When a segment of the large intestine, containing a colorectal cancer, is removed, the area adjacent to the cancer (and removed with it) may show additional neoplasia in the form of polyps (see image). This is visual evidence of a field defect. Some of these polyps may be premalignant neoplastic tumors. As shown by Hofstad et al., when polyps are allowed to remain in the colon and are observed for three years, about 40% of polyps are seen to grow larger, likely progressing towards cancer. Luo et al. summarized the substantial body of evidence that field cancerization occurs in the colon, often due to aberrant DNA methylation.

==Etiology==
Bile acids are synthesized in the liver to facilitate digestion of dietary fats.
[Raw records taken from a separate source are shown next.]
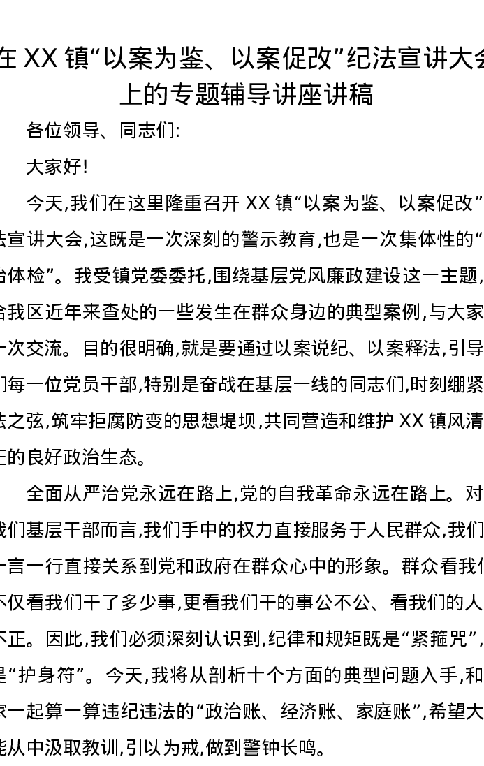 在XX镇“以案为鉴、以案促改”纪法宣讲大会上的专题辅导讲座讲稿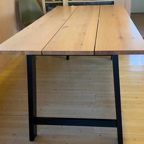 4 stk konferansebord til salgs. Pen bordflate. Enkel å slå opp. Stabil. Står stødig når de er slått sammen. Høy kvalitet. Samlet kr 1.800 eller bud. Må hentes. Lite brukt. Noen flekker på understell etter lagring. Ring 90135756 for mer informasjon. Bordene står i Bergen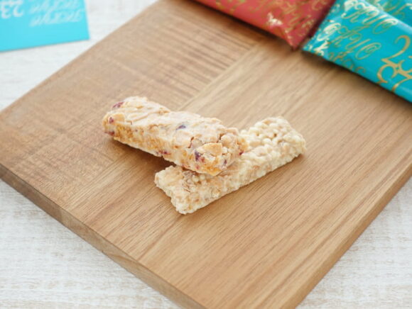 「ホワイトショコラ・クランベリー」は、アイスクリームにも使われているワッフルコーンを砕いて、酸味のあるクランベリーを混ぜ込み、ホワイトチョコで固めたクランチチョコ。
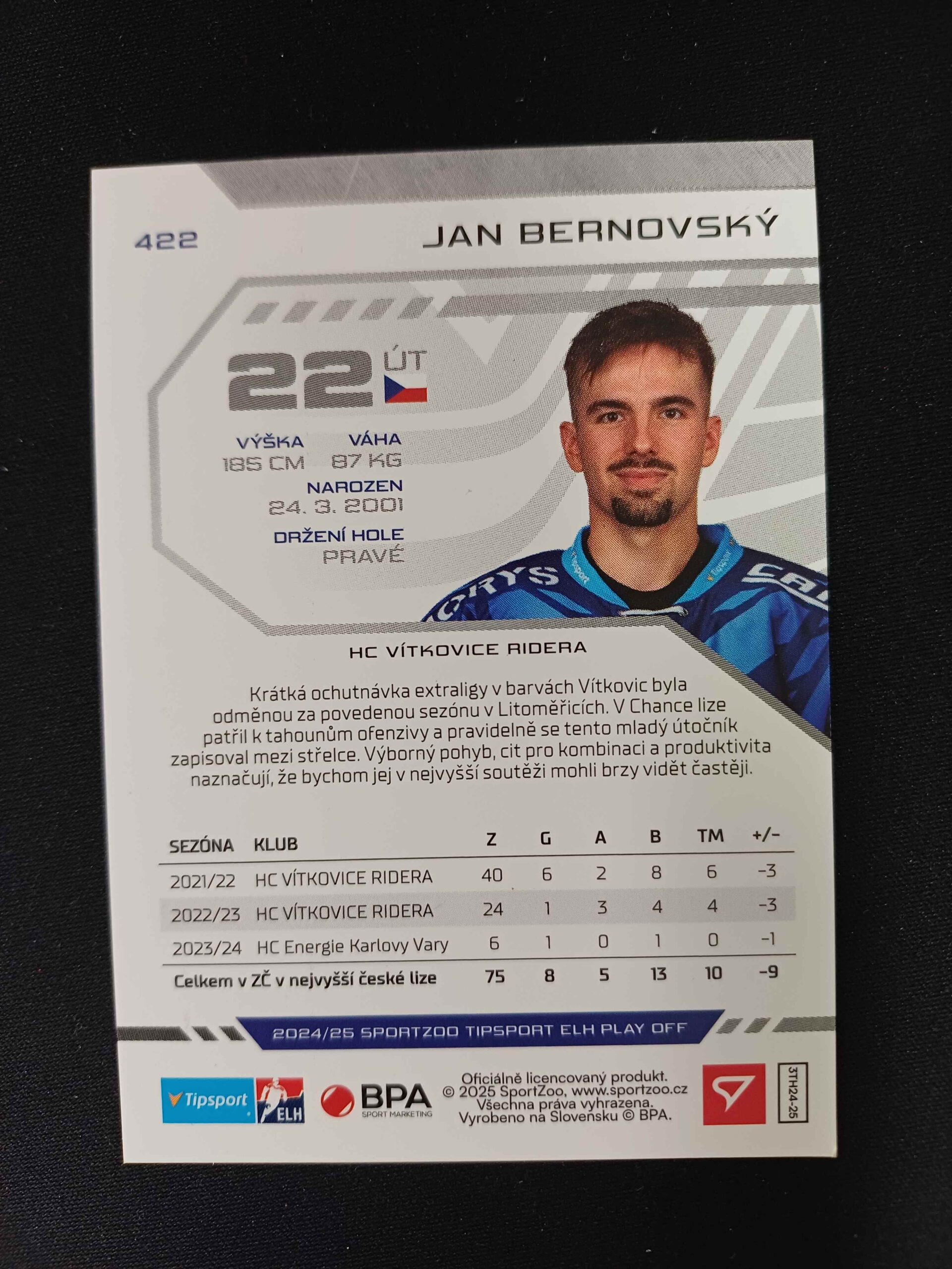 Sběratelská karta 2024/2025 Sportzoo Play Off Red Sparks 422 Jan Bernovský Paralel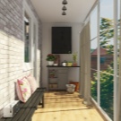 بالإضافة إلى ذلك ، تحتاج إلى شغل كامل مساحة هذه الغرفة الصغيرة وظيفيًا إلى أقصى حد. لذلك ، يمكنك تركيب خزانات حائط صغيرة تشغل مساحة صغيرة جدًا أو أرفف يمكنك وضع أواني الزهور عليها. ستجلب النباتات الراحة والنضارة إلى لوجيا الخاص بك. تتمثل إحدى الأفكار غير المعتادة ، ولكنها ناجحة جدًا ، في تثبيت أثاث من طراز المحولات ، والذي ، إذا رغبت في ذلك ، يمكن طيه بسهولة لتوفير مساحة. يمكنك جعل مساحة لوجيا الضيقة أوسع بصريًا بمساعدة تكسية الجدران والأرضيات بمواد بناء خفيفة. يمكن تزيين جدران لوجيا بصور مؤطرة أو صور عائلية.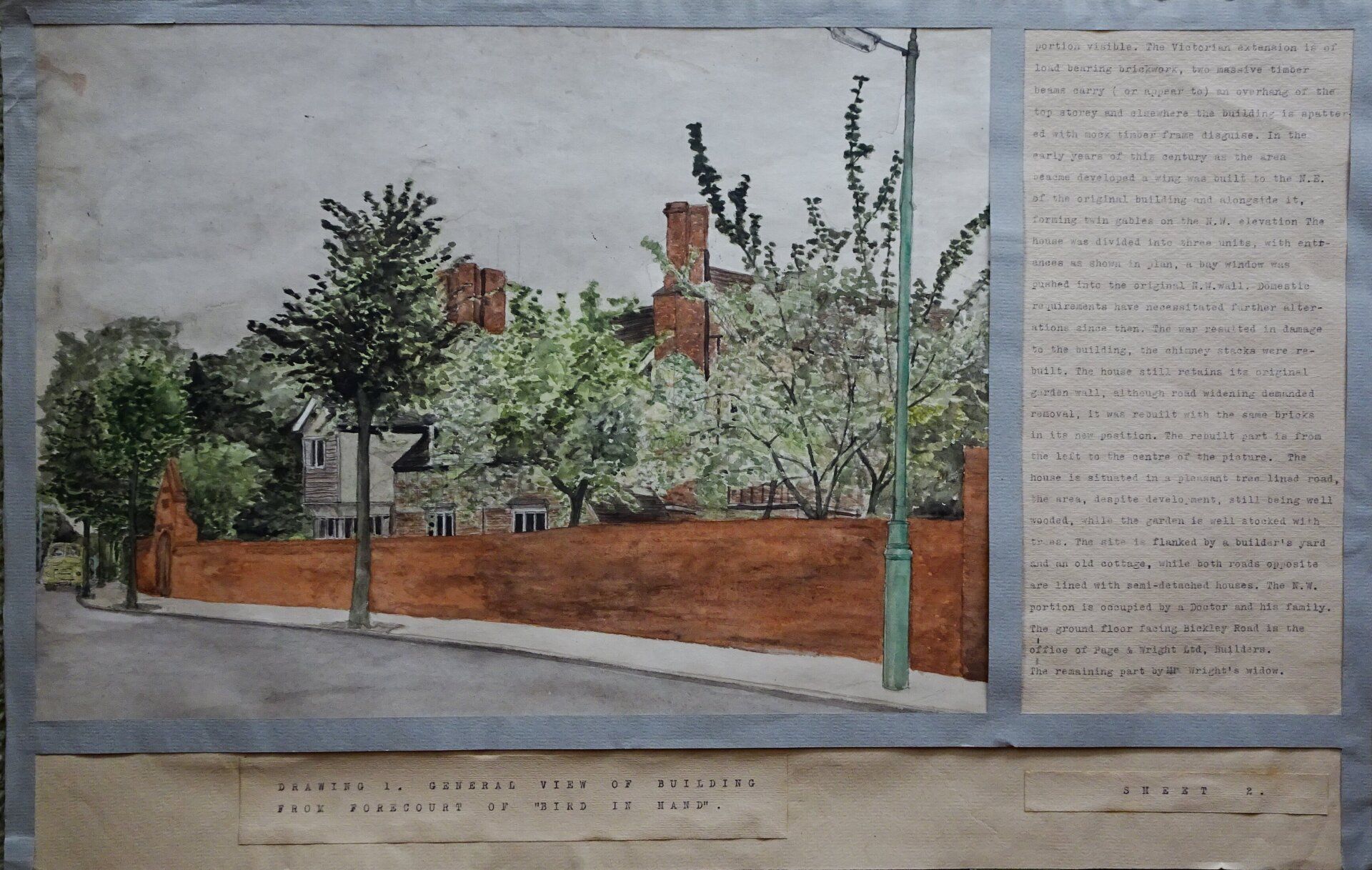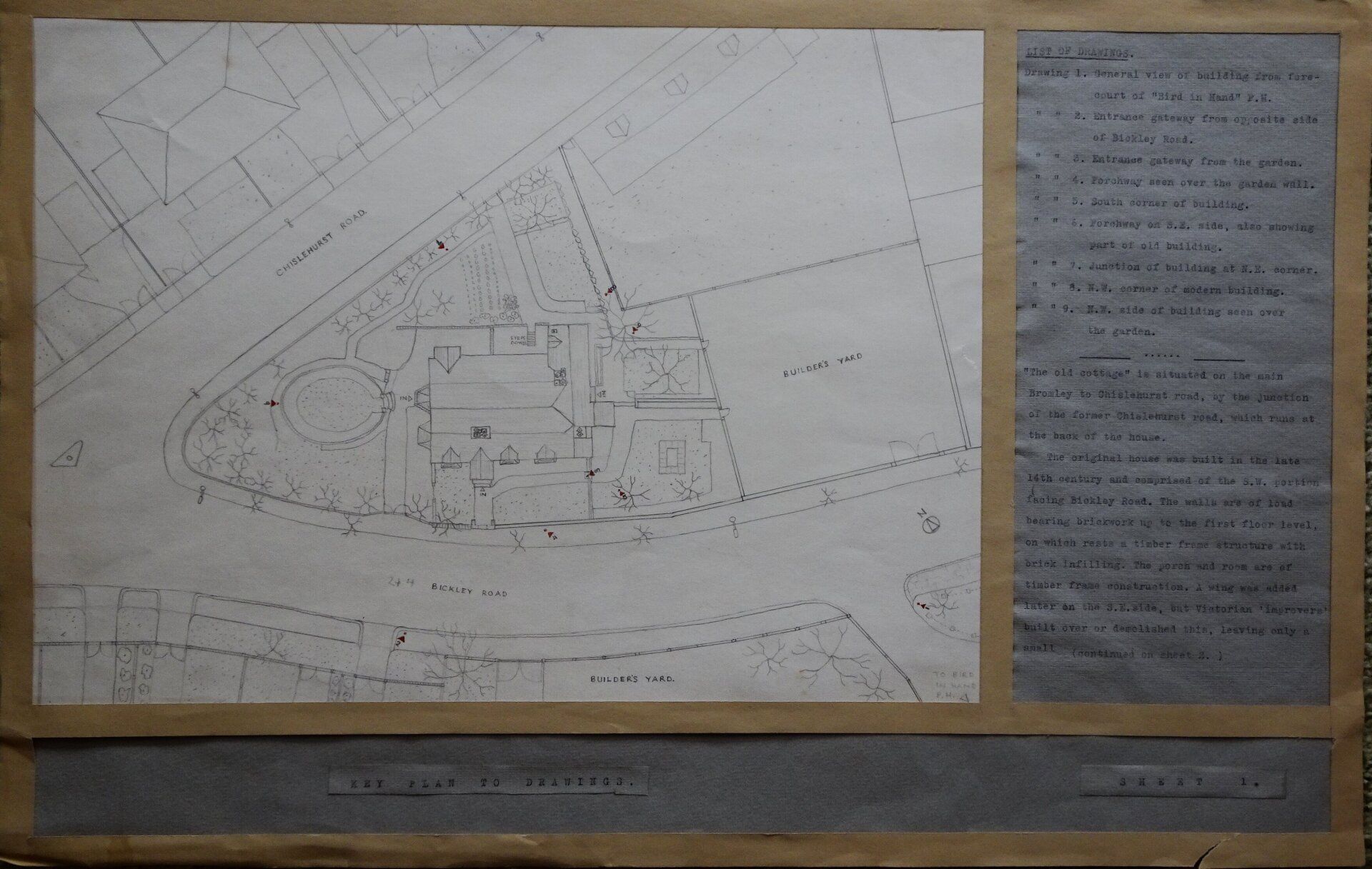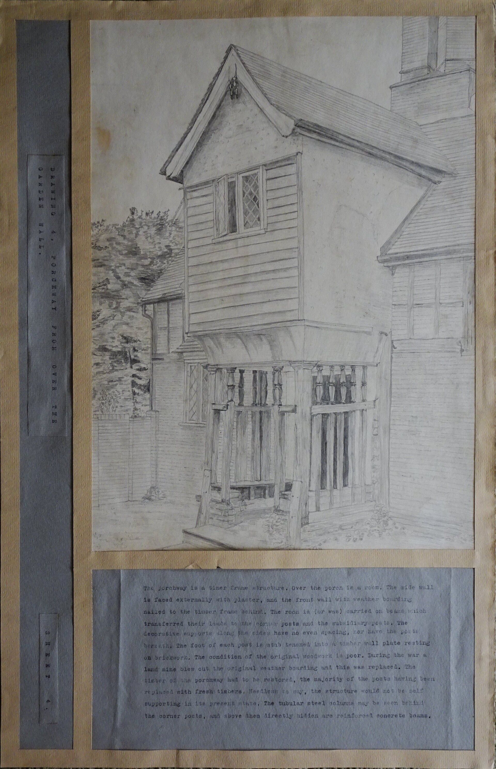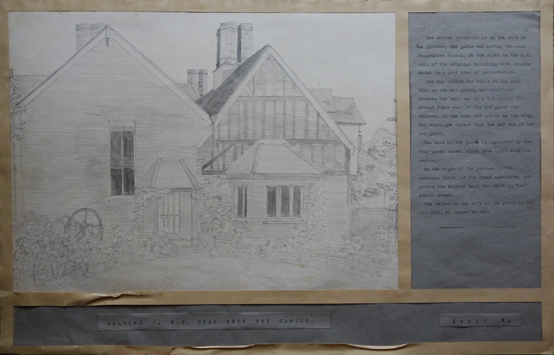 In 2012 a Bristol book seller, Gerald Baker, purchased a collection of books and artefacts from a deceased's estate and, amongst much else he found the drawings below showing very detailed views and plans of the property, probably around 1960. The material was not examined for some years but when Mr. Baker realised the location of the subject matter, he kindly donated the drawings to the Society. They are now in the Local Archives.

High exposure of the gastrointestinal tract to bile acids can occur in several different settings, but most significantly is prevalent among individuals who have a high dietary fat intake. High bile acid exposure has been implicated in several cancers of both the upper and lower digestive tract. The deleterious effects on cells of elevated bile acid exposure include induction of reactive oxygen species, induction of DNA damage leading to mutation, and induction of apoptosis in the short term and selection for apoptosis resistance over the long term. High levels of bile acids also alter the microbiome and act as signaling molecules, altering the microenvironment of the colon.